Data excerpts
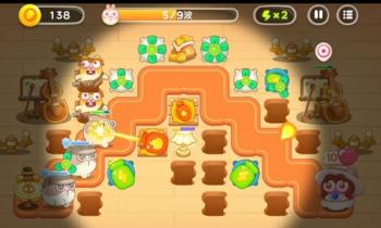 第2波开始有滑板兔,跑的贼快,出来就集火打掉。在最上方金币袋2侧布置2个风扇,基本上就覆盖了所有的路径,火瓶子清建筑物,凑空补刀即可。在出口和萝卜的空位附近,补2个普通瓶子,以防漏了兔子,就稳妥了。
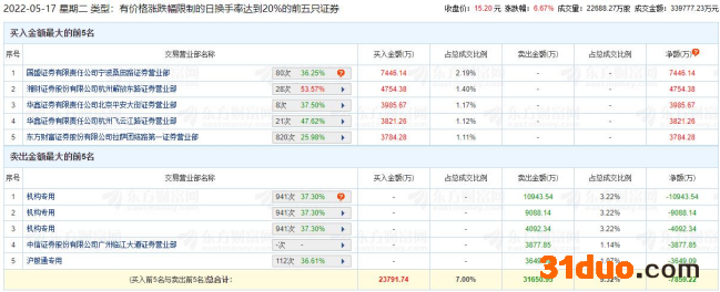 中国经济网北京5月17日讯祁连山(600720.SH)今日股价上涨,截至收盘报15.20元,涨幅6.67%。龙虎榜数据显示,卖出祁连山金额最大的
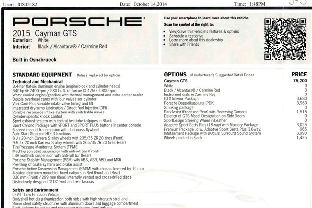 2015 Porsche Cayman GTS 20302 Miles 2dr Car Premium Unleaded H-6 3.4 L/210
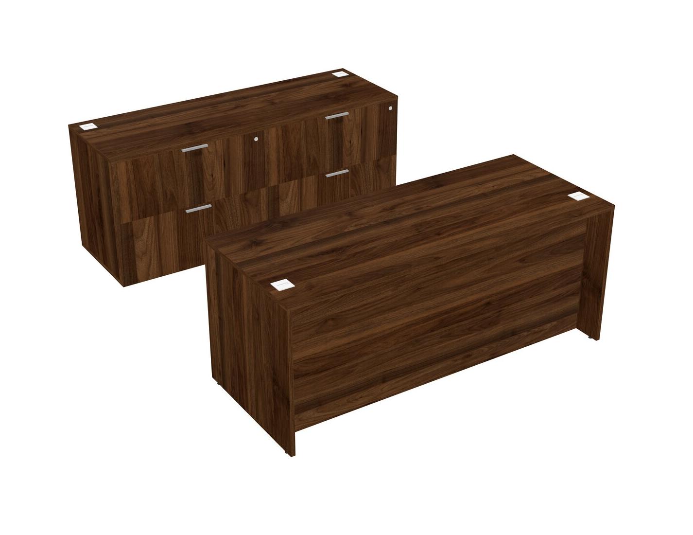 Columbia Walnut Office Parallel Desk With Lateral File Cabinet
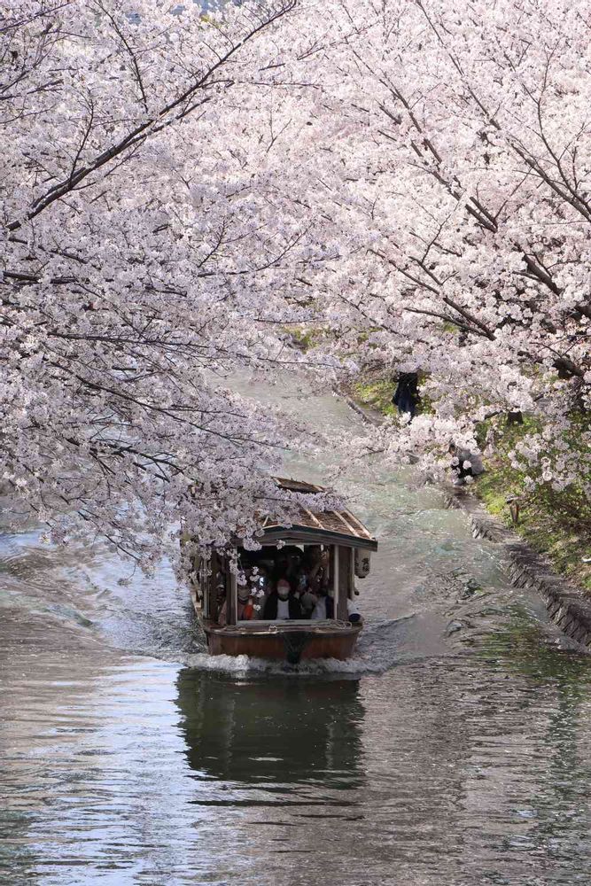 歴史と酒蔵のまち・伏見の景色を、川沿いに咲く百数十本の桜を愛でながら、ゆったりと巡る十石舟
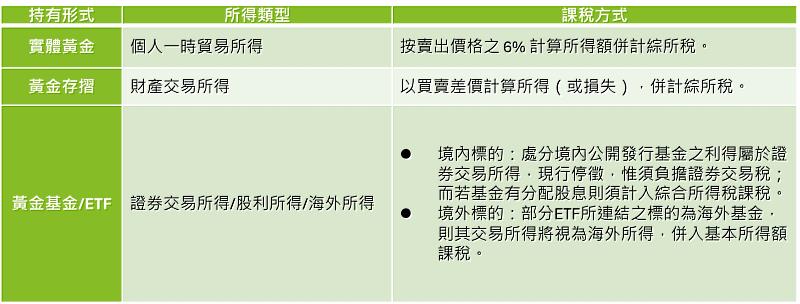 2. 多元資產配置稅務分類:以「黃金投資」為例

TASK BRIEF
The preceding entries are to be written out again exactly, with the pictures removed.

EXERCISE OUTPUT
 第2波开始有滑板兔,跑的贼快,出来就集火打掉。在最上方金币袋2侧布置2个风扇,基本上就覆盖了所有的路径,火瓶子清建筑物,凑空补刀即可。在出口和萝卜的空位附近,补2个普通瓶子,以防漏了兔子,就稳妥了。
 中国经济网北京5月17日讯祁连山(600720.SH)今日股价上涨,截至收盘报15.20元,涨幅6.67%。龙虎榜数据显示,卖出祁连山金额最大的
 2015 Porsche Cayman GTS 20302 Miles 2dr Car Premium Unleaded H-6 3.4 L/210
 Columbia Walnut Office Parallel Desk With Lateral File Cabinet
 歴史と酒蔵のまち・伏見の景色を、川沿いに咲く百数十本の桜を愛でながら、ゆったりと巡る十石舟
 2. 多元資產配置稅務分類:以「黃金投資」為例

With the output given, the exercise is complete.